Additionally, Ethicon cites Heinrich v. Ethicon, Inc., 2021 WL 2285435, at *4 (D. Nev. June 4, 2021), in which the judge confronted the same arguments in connection with Dr. Elliott.
The Court finds Owens and Heinrich persuasive and adopts their reasoning and findings on this issue. As in Heinrich, the Court permits Dr. Elliott to testify about any tests or studies Ethicon or other third parties conducted and how those tests or studies impact his opinions. However, he cannot comment on Ethicon's failure to conduct certain testing because he is not qualified to opine on what testing a manufacturer should do, and the “factual underpinnings” of a lack of testing would be nothing more than a summary of corporate documents from an expert witness, which the MDL court rejected. See Id. at *4. Therefore, this portion of the Motion is granted, and denied only to the extent that Dr. Elliott may testify about how any testing Ethicon actually conducted impacts his opinions.
* * * *
The Court pauses to make an additional observation. The Court notes that Shostrom has endorsed an army of experts, and she is advised that the Court will strictly enforce limits on such testimony to the extent it is duplicative and/or cumulative. See Fed. R. Evid. 611. As set forth above throughout this Order, it appears to the Court that several of Shostrom's experts intend to provide overlapping expert testimony regarding, inter alia, whether certain procedures and products constitute safer alternative designs to the TVT-Secur and/or the Prolift.
Under Rule 403, the marginal probative value of allowing such duplicative testimony from all of these expert witnesses is substantially outweighed by a danger of needlessly presenting cumulative evidence at trial.
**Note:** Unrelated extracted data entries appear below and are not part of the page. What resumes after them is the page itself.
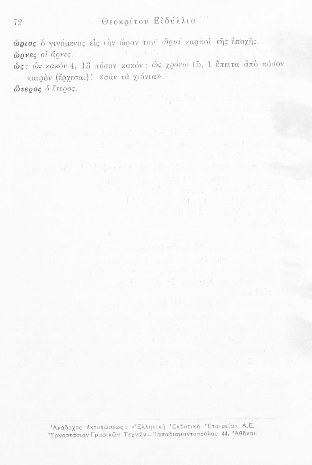 Συγγραφέας: Θεόκριτος, Θρασύβουλος Σταύρου (σχόλια)
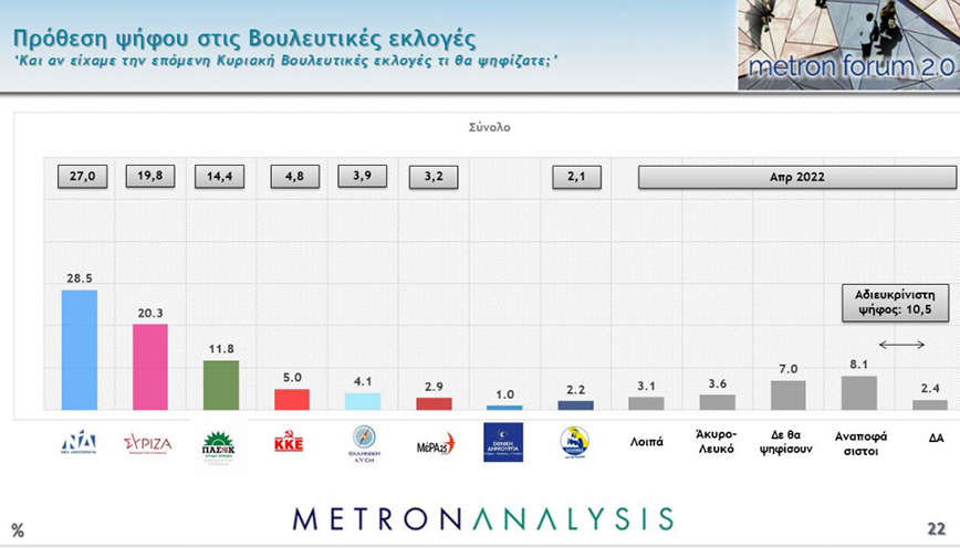 Αξιοσημείωτο είναι ότι η αδιευκρίνιστη ψήφος φτάνει το 10,5%.
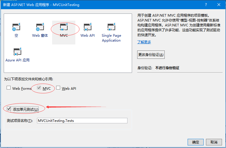 第5步 - 选择mvc作为模板,不要忘记选中对话框底部的添加单元测试复选框。也可以更改测试项目名称,但在此示例中,我们将其保持原样,因为它是默认名称。
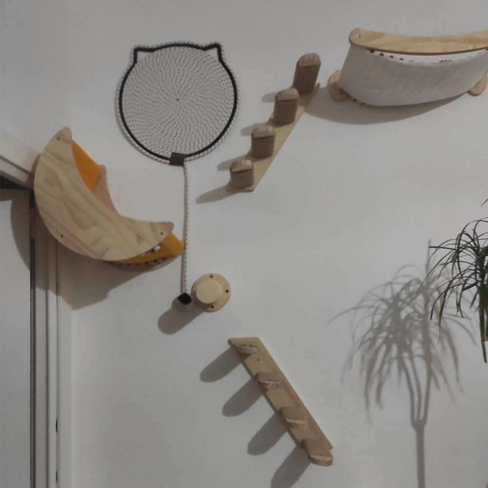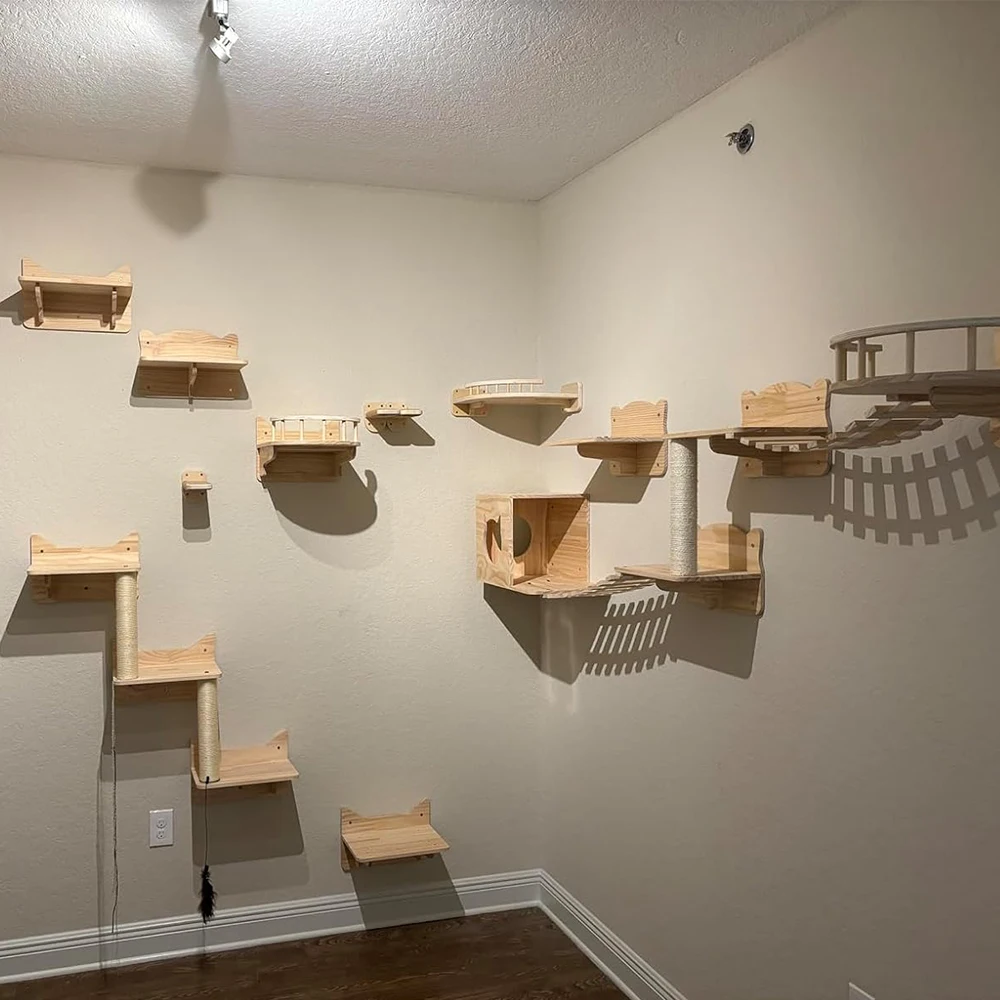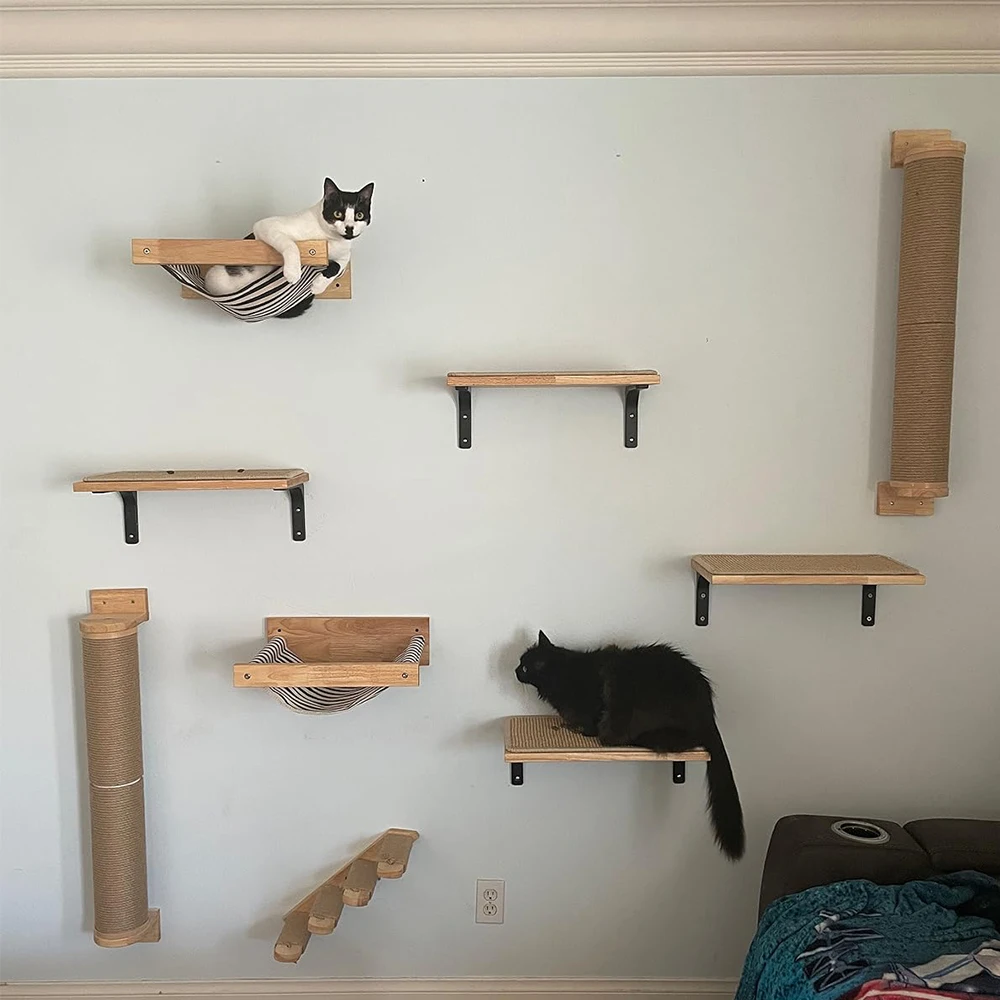 Los estantes de pared para gatos satisfacen el hábito de los gatos de escalar, aumentando el ejercicio y reduciendo la posibilidad de obesidad, lo que es bueno para la salud. Además, le da a los gatos espacio para trepar y evitar estropear el hogar.
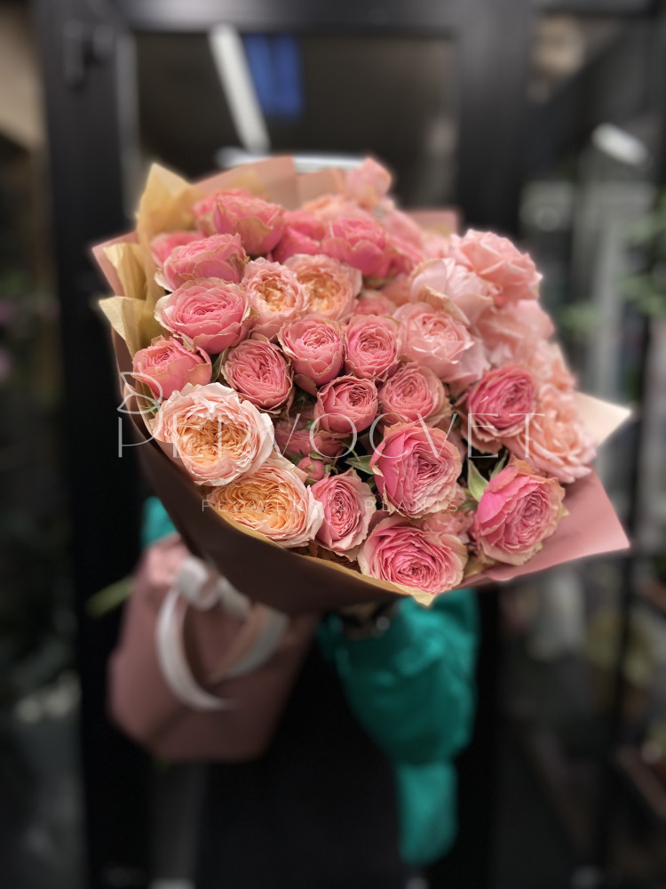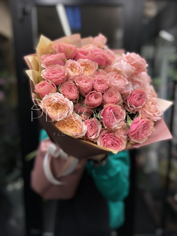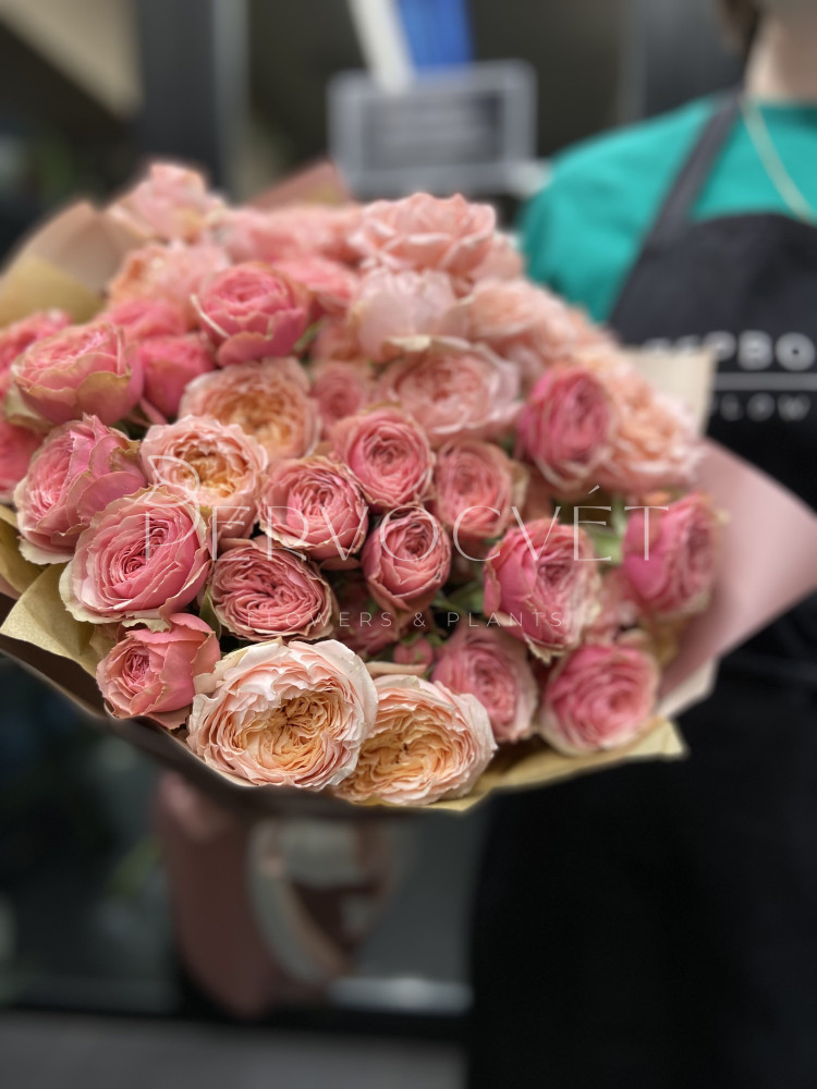 Две самые желанные пионовидные кустовые розы в одном букете - Джульетта и Гранд Трендсеттер. Шикарные многочисленные бутоны в пышной упаковке!
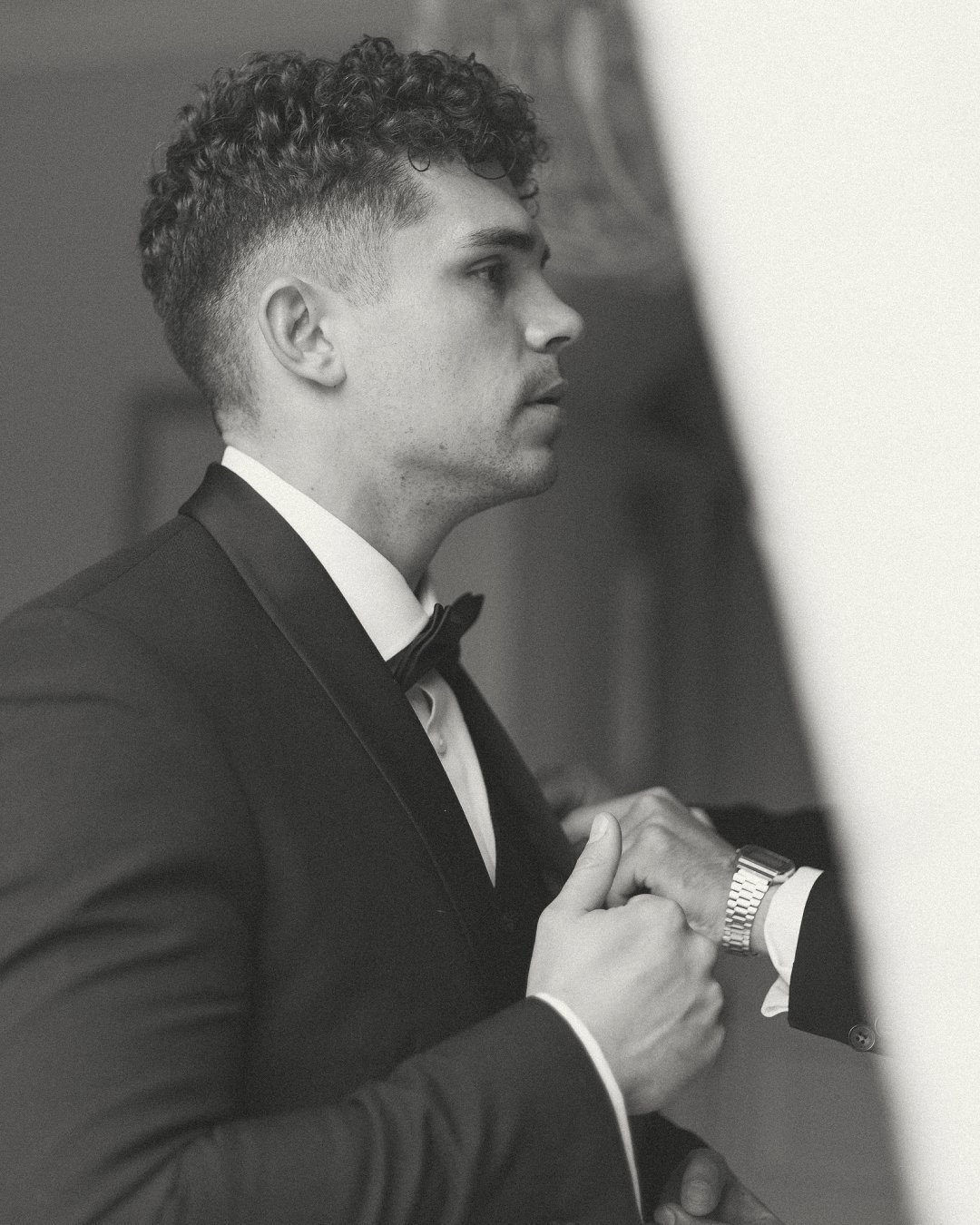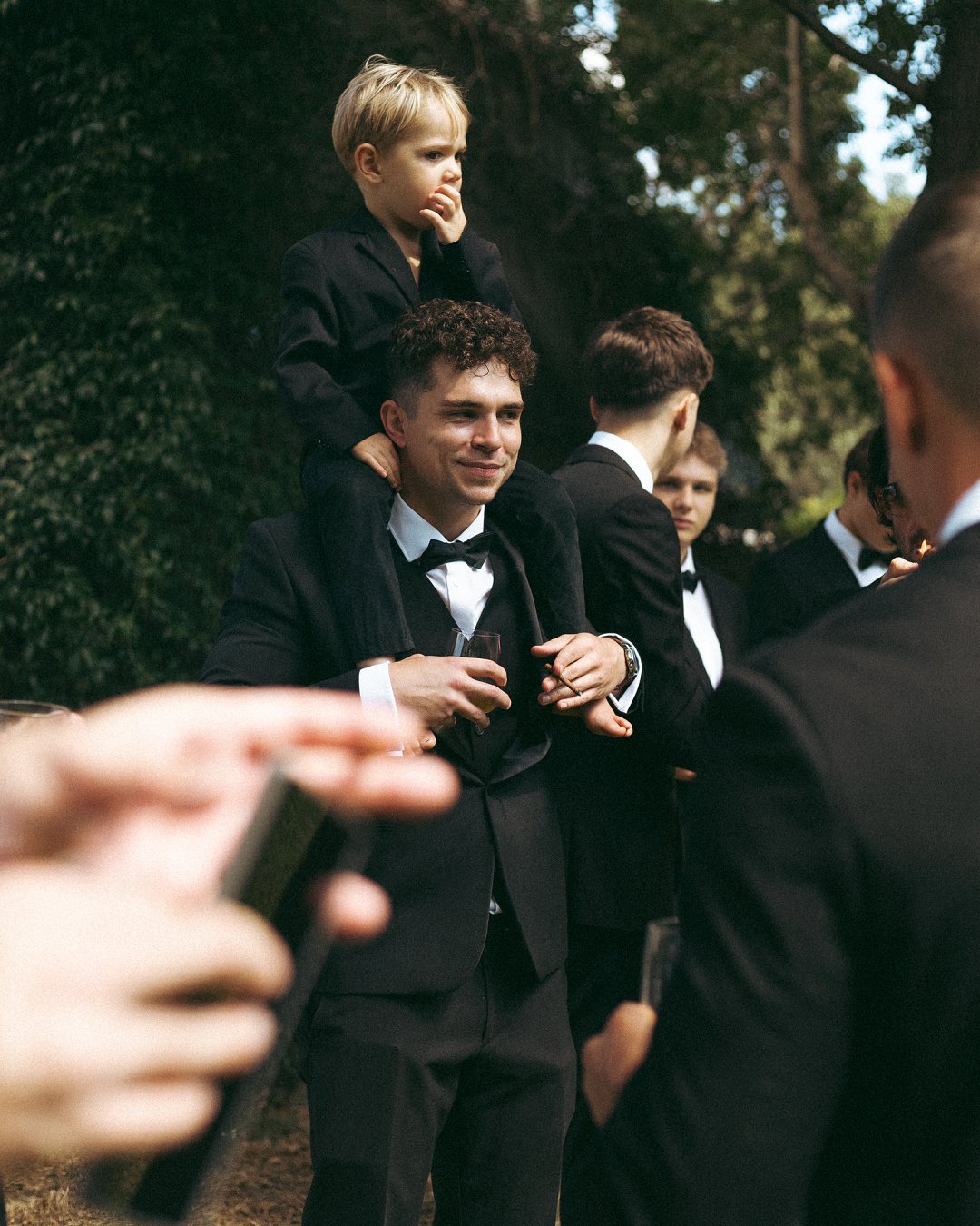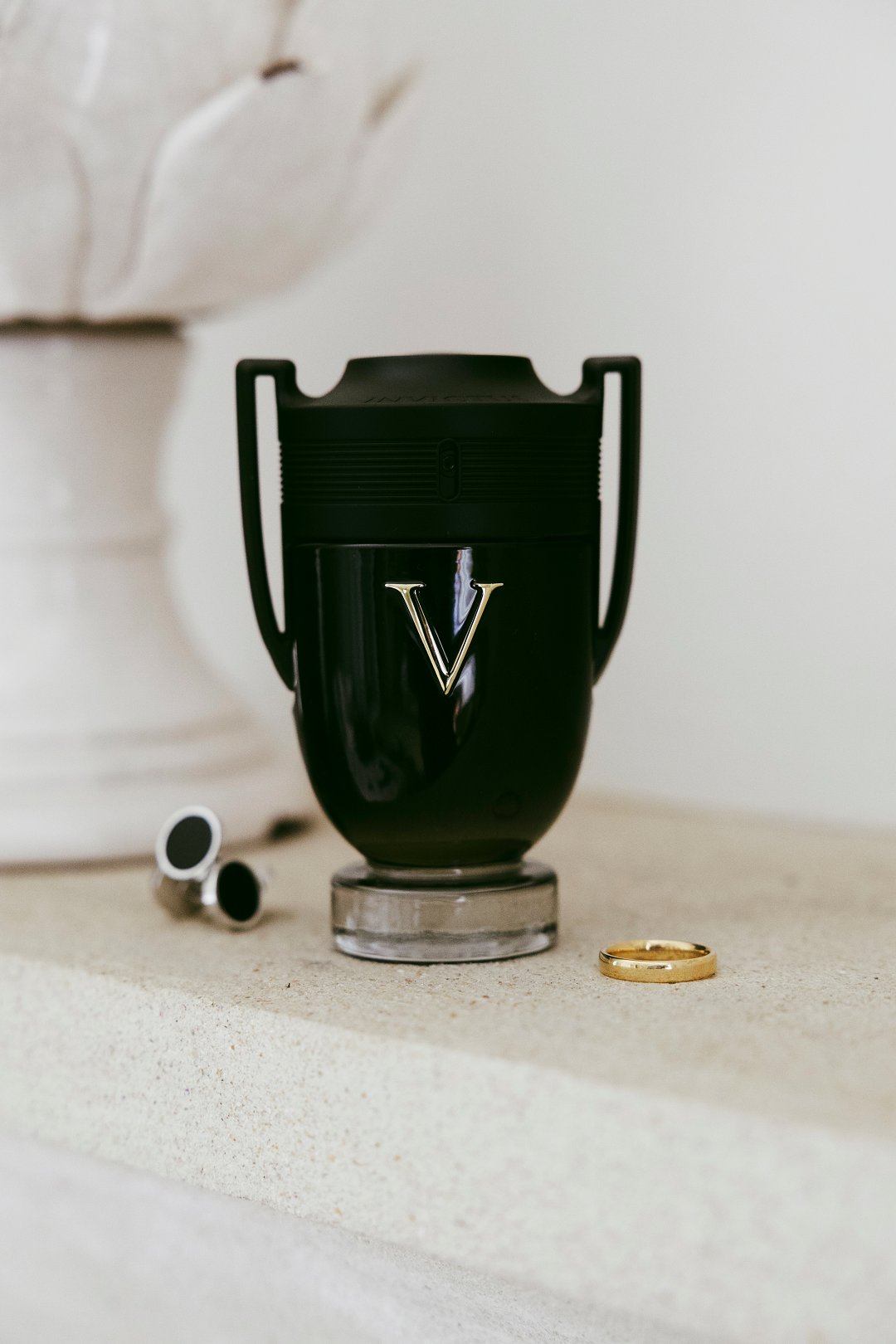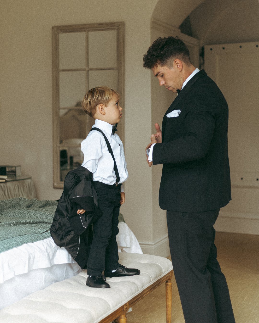 Vir my trouring het ek ’n eenvoudige, gladde goue ring gekies om die verloofring te laat skitter, terwyl dit op die mees subtiele en pragtige manier daarmee saamgaan. Gustaf het ook ’n klassieke goue ring gekies, maar ek het ’n verrassing bygevoeg. Aan die binnekant het ek die woorde “Forever bound, my heart to yours” laat graveer as ’n persoonlike knik na ons liefde en sy gunsteling, Lord of the Rings. Dit is ons stil, klein belofte weggesteek in iets wat hy elke dag sal dra.

Accordingly, exercising its authority under Federal Rule of Evidence 611 to control the introduction of evidence and avoid duplicative testimony, the Court will allow Shostrom to choose only one expert to opine on each of these topics. However, the Court will not preclude more than one of Shostrom's expert witnesses from testifying regarding other non-cumulative matters, if any. To the extent necessary, the Court's cautionary directive regarding duplicative testimony (expert or lay) applies to both parties.
The Court will not list which issues and which experts are at issue here, but Shostrom, as the proponent of her own experts, knows which experts offer opinions on duplicate topics.
III. CONCLUSION
For the reasons stated above, the Court ORDERS that Ethicon's Motion In Limine to Limit Plaintiffs General Experts on Issues Reserved by the MDL Court (ECF No. 126) is GRANTED IN PART and DENIED IN PART as set forth above.